Most code development for PETSc codes should be done on one processor; hence,using a standard debugger such as dbx, gdb, xdbx, etc. is fine. For debugging parallel runs we suggest Totalview if it is available on your machine. Otherwise, you can run each process in a separate debugger; this is not the same as using a parallel debugger, but in most cases it is not so bad. The PETSc, the run-time options -start_in_debugger [-display xdisplay:0] will open separate windows and debuggers for each process. You should debug using the debugging versions of the libraries (run config/configure.py with the additional option --with-debugging=1 (the default).

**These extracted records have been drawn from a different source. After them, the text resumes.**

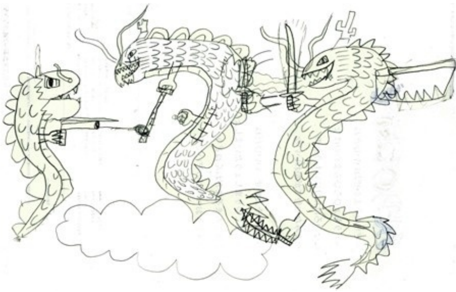
コドモリュウとオッサンリュウとフシンシャリュウ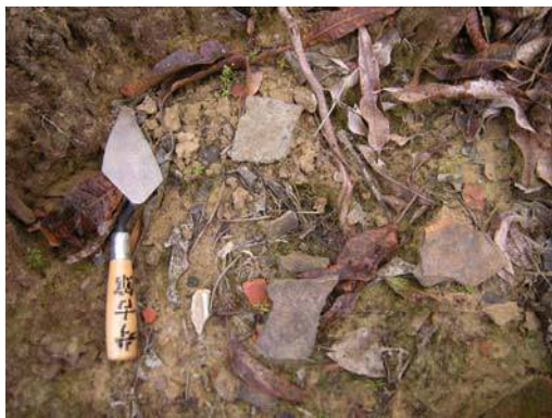
圖說：地表採集的夾砂灰黑陶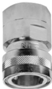
KUPPLUNGSTEIL mit Innengewinde und Wasserstop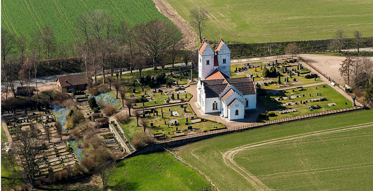
Kyrkogården från öster med den yngre kyrkogården i slutningen mot söder och den äldre närmast kyrkobyggnaden. Foto: Pär-Martin Hedberg, 2014.

kyrkobyggnaden i söder, norr och väster. Det har bevarat en äldre struktur med symmetriskt anlagda grusade gångar. Lantbrukare dominerar som titlar på gravplatserna, men även hantverkartitlar samt titlar med anknytning till Gyllerups säteri. Närmast kyrkan finns stensatta partier med storgatsten och grusade gångar.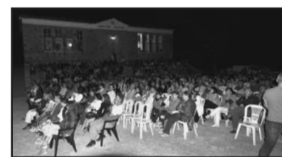
Εικ. 11. Η συναυλία.

ΟΙ ΔΩΡΟΘΕΤΕΣ & ΧΟΡΗΓΟΙ ΤΩΝ ΜΑΚΡΥΓΙΑΝΕΙΩΝ 2011 Για το παζάρι, τη λαχειοφόρο και το Λιβάδι Γεωργίου Γεώργιος & Υιός Ε.Ε. - Πυροσβεστήρες / Θηβών 33, Τ.Κ.185 43, Πειραιάς / Τηλ. 2104206883 & 2104206884 / Προσφορά: 1 πυροσβεστήρας Dimfil Ε.Π.Ε.-Εμπόριο / Κορίνθου 15, Τ.Κ.134 51, Καματερό / Τηλ. 2102323140 / Προσφορά: Βιολογικά προϊόντα ΕΓΝΑΤΙΑ Ε.Π.Ε. - Εμπόριο / Θέση Πάτημα Μάνδρας, εντός ΒΙΠΑ ΒΙΟΠΑ, Τ.Κ.19600, Μάνδρα Αττικής / Τηλ. 2105143437 / Προσφορά: Πλαστικές σακούλες ακουτιδιών & καλαμάκια ΕΛΧΙΣ - Εργαστήριο Κοσμημάτων & Δώρων / Κρατερού 22 & Γρ. Αυξεντίου, Τ.Κ.15771, Ιλίσια / Τηλ. 2107486951 / Προσφορά: Πουγκιά ΕΤΟΥΛΑ - Κινηματογράφος / Ελ. Βενιζέλου 152 (Θησέως), Τ.Κ.17676, Καλλιθέα / Τηλ. 2109510042 / Προσφορά: 5 διπλά εισιτήρια Femme Fatale - Καλλυντικά / Παπανικολή 6, Τ.Κ.18756, Κερατσίνι / Τηλ. 2104615565 / Προσφορά: Καλλυντικά Πιτσαρής Παναγιώτης - Οδοντίατρος / Λ. Παπάγου 27, Τ.Κ.157 71, Ζωγράφου / Τηλ. 2107755542 / Προσφορά: 2 θεραπείες συνολικής αξίας 240€ Χατζηχρυσός Αυγερ. & Βασ. Ε.Π.Ε. - Αυτοκόλλητες ετικέτες / Θέση Κρέσσι, Τ.Κ.32009, Σχηματάρι / Τηλ. 2262056738 / Προσφορά: Αυτοκόλλητες ετικέτες Χυτήρηγλου Ε.Π.Ε. - Λευκά είδη / Πλάτωνος 3, Τ.Κ.17672, Καλλιθέα / Τηλ. 2109563683 / Προσφορά: 2 τραπέζομάντλα Ευχαριστούμε θερμά τους ανωτέρω επαγγελματίες για τις ευγενικές προσφορές τους.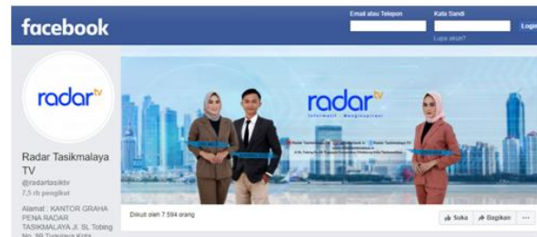
Tampilan Facebook Radar TV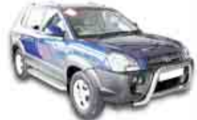
HYUNDAI TUCSON 2.0 CRDI 4X2 Año 2005. EE. CC. AA. DA.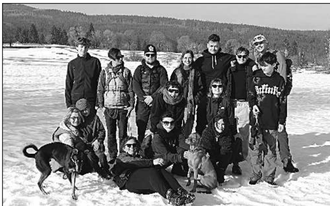
NA ŠUMAVĚ. Výprava ZUŠ Řevnice u Knížecích Plání.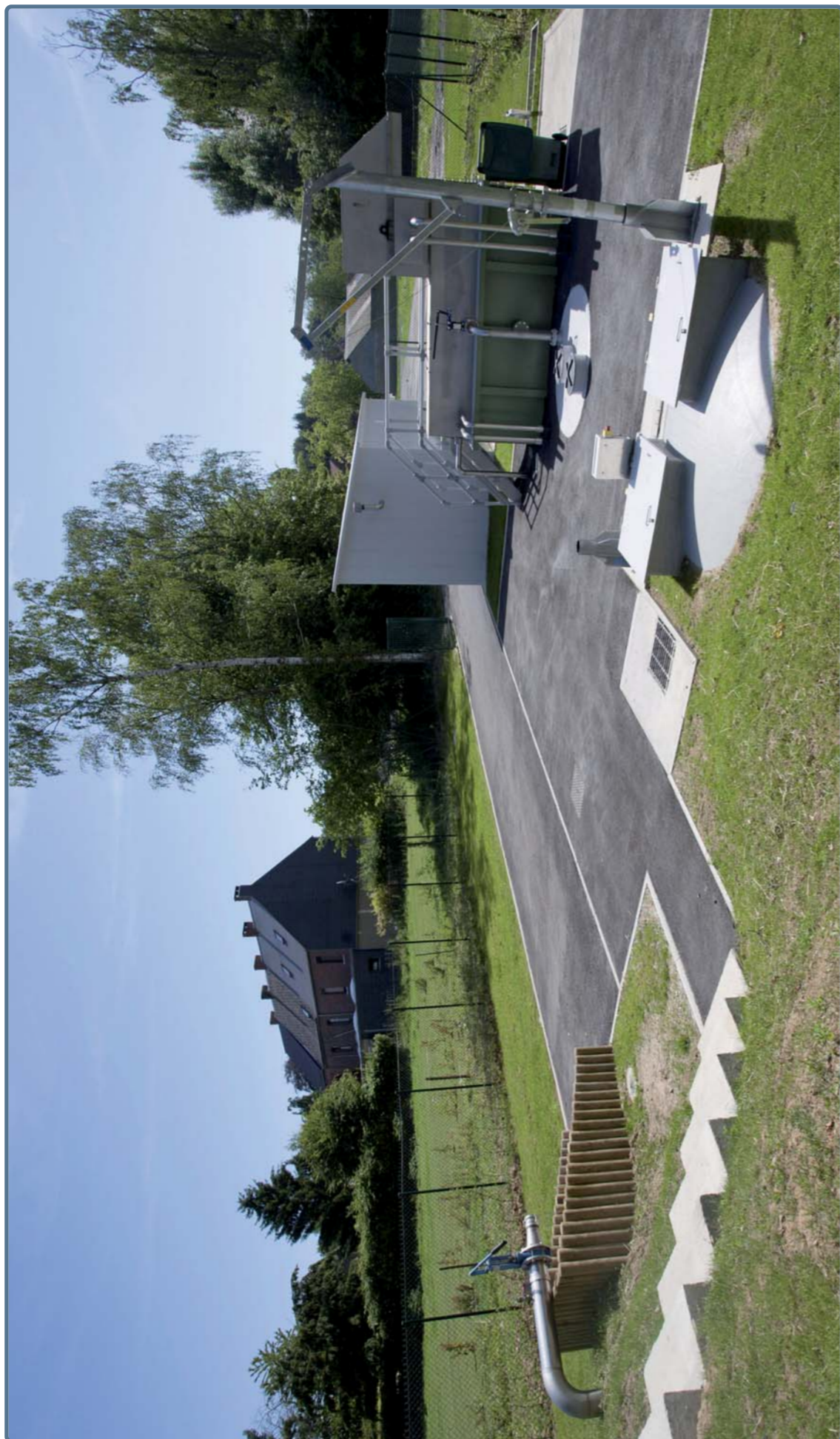
STATION D'ÉPURATION DU HAMEAU DES LANIÈRES (LA LONGUEVILLE)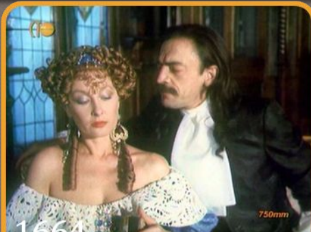
1664 - «Тартюф, или Обманщик»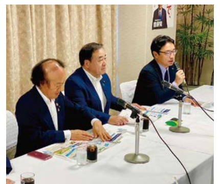
徳島県連・徳島県議会要望(8/22)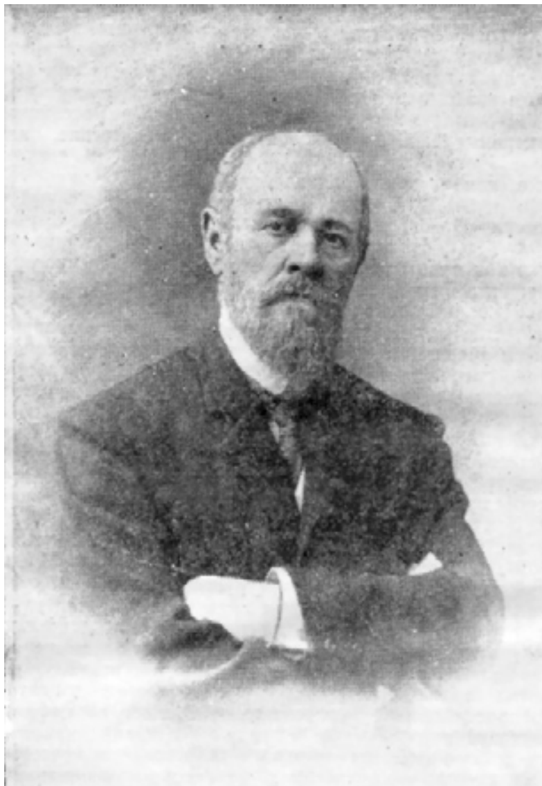
Федор Иванович Успенский.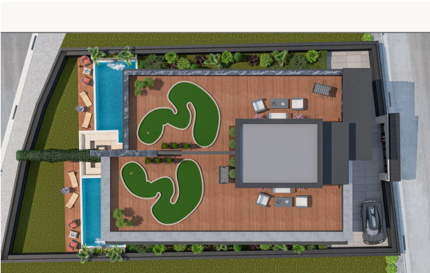
FLOOR 2 2.ЭТАЖ ETAGE 2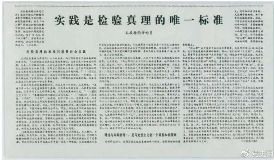
图为《光明日报》以特约评论员的名义公开发表《实践是检验真理的唯一标准》一文。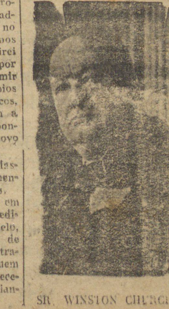
SR. WINSTON CHURCHILL

LONDRES, 27 (UP) — Informa um jornal londrino que o Rei Jorge VI, conferirá o título de duque ao sr. Winston Churchill. Acrescenta que Churchill pretende deixar as atividades políticas, recolhendo-se à vida privada.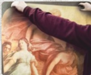
5. Пропитавшиеся клеем обои накладываются на стену.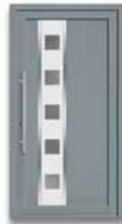
5784 S. 14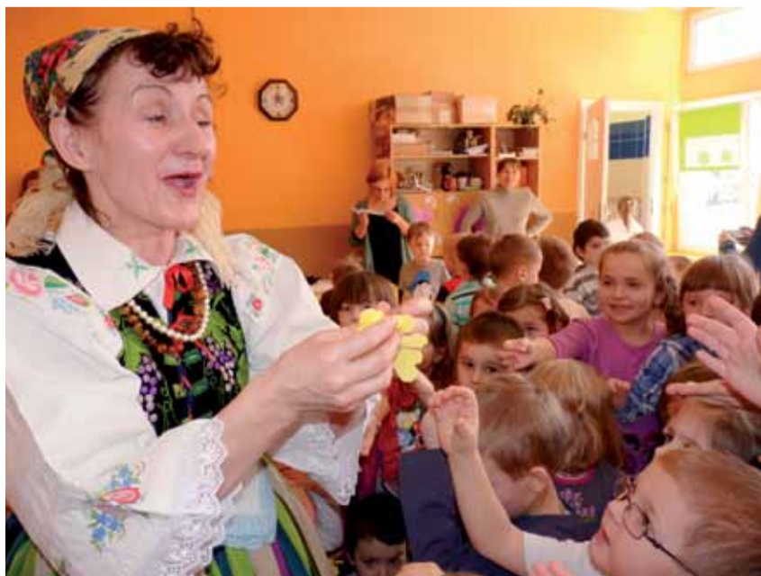
Kwiaty wykonane przez Teresę Wojdę chcieli otrzymać każde dziecko.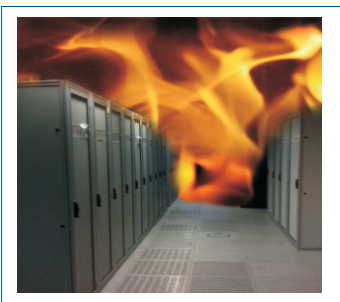
Abb.: Ein Brand in unternehmenswichtigen Räumen wie Serverraum oder Produktionsbereich kann für kleinere und mittlere Unternehmen katastrophale Folgen haben. Schützen Sie auch Ihre entfernten Niederlassungen mit den netzwerkgestützten Fernüberwachungslösungen von AKCP Inc.

Da der AKCP Rauchmeldesensor zusätzlich mit einem potentialfreien Kontakt ausgestattet ist, kann der Anschluss auch via potentialfreien Eingang an die sensorProbe8-X20 , sensorProbe8-X60 , securityProbe-X20 sowie securityProbe-X60 erfolgen. So können Sie eine Vielzahl von Rauchmeldern anschließen. Ideal für die Brandfrüherkennung / Branddetektion in großen Infrastrukturen.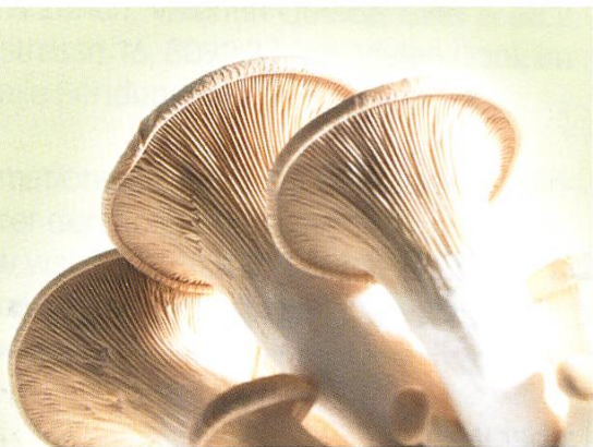
Kräuterseitling ( Pleurotus eryngii )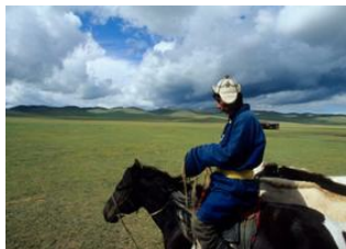
Karakorum 📍 42km - ⌚ 6h 30m Khujirt 📍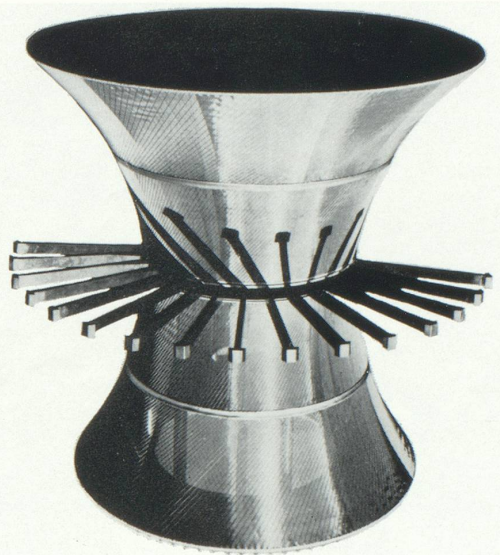
Antenne contre-rotative : Antenne à communication électronique étudiée sous contrat C.N.E.S. Elle est destinée aux satellites de télécommunication stabilisés par rotation sur orbite équatoriale.

« qualité spatiale » analogue à la « qualité nucléaire » font de la recherche spatiale un puissant facteur de stimulation et de développement dont tous les secteurs de l'économie sont amenés un jour ou l'autre à bénéficier par transposition de techniques spatiales aux industries traditionnelles.

It really pays to learn how to use a debugger; you will end up writing more interesting and far more ambitious codes  once it is easy for you to track down problems in the codes.

Other suggestions

• Choose consistent and obvious names for variables and functions. (Short variable names may be faster to type, but by using longer names you don't have to remember what they represent since it is clear from the name.)
• Use informative comments.
• Leave space in the code to make it readable.
• Line things up in the code for readability. Remember that any code written for an application will be visited over and over again, so spending an extra 20 percent of effort on it the first time will make each of those visits faster and more efficient.
• Realize that you will have to debug your code. No one writes perfect code, so always write code that may be debugged and learn how to use a debugger. In most cases using the debugger to track down problems is much fast than using print statements.
• Never hardwire a large problem size into your code. Instead, allow a command line option to run a small problem. We've seen people developing codes who have to wait 15 minutes after starting a run to reach the crashing point; this is an inefficient way of developing code.
• Develop your code on the simplest machine to which you have access. We have accounts on IBM SPs, Cray T3D, Intel Paragon, SGIs etc, but we write and initially test all our code on Sun Sparcstations because the user interface is friendlier and the turn-around time for compiling and running is much faster than for the parallel machines. We only use the parallel machines for large jobs. Since PETSc code is completely portable, switching to the parallel machine from our Sun development environment simply means logging into another machine -- there are no code or makefile changes.
• Never develop code directly on an MPP; your productivity will be much lower than if you developed on a well-organized workstation.
• Keep your machines' operating systems and compilers up-to-date (or force your systems people to do this :-). You should always work with whatever tools are currently the best available. It may seem that you are saving time by not spending the time upgrading your system, but, in fact, your loss in efficiency by sticking with an out-dated system is probably larger than then the time required to keep it up-to-date.

Fortran notes

Since Fortran77 does not provide type checking of routine input/output parameters, we find that many errors encountered within PETSc Fortran77 programs result from accidentally using incorrect calling sequences. Thus, if your Fortran program is crashing, one of the first things to check is that all subroutines are being called with the correct arguments. Such mistakes are immediately detected during compilation when using C/C++. Thus, using a mixture of C/C++ and Fortran often works well for programmers who wish to employ Fortran for the core numerical routines within their applications. In particular, one can effectively write PETSc driver routines in C/C++, thereby preserving flexibility within the program, and still use Fortran when desired for underlying numerical computations.

When passing floating point numbers into Fortran subroutines always make sure you have them marked as double precision (e.g., pass in 10.d0 instead of 10.0). Otherwise, the compiler interprets the input as a single precision number, which can cause crashes or other mysterious problems. Make sure to declare all variables (do not use the implicit feature of Fortran). In fact, we highly recommend using the implicit none option at the begining of each Fortran subroutine you write.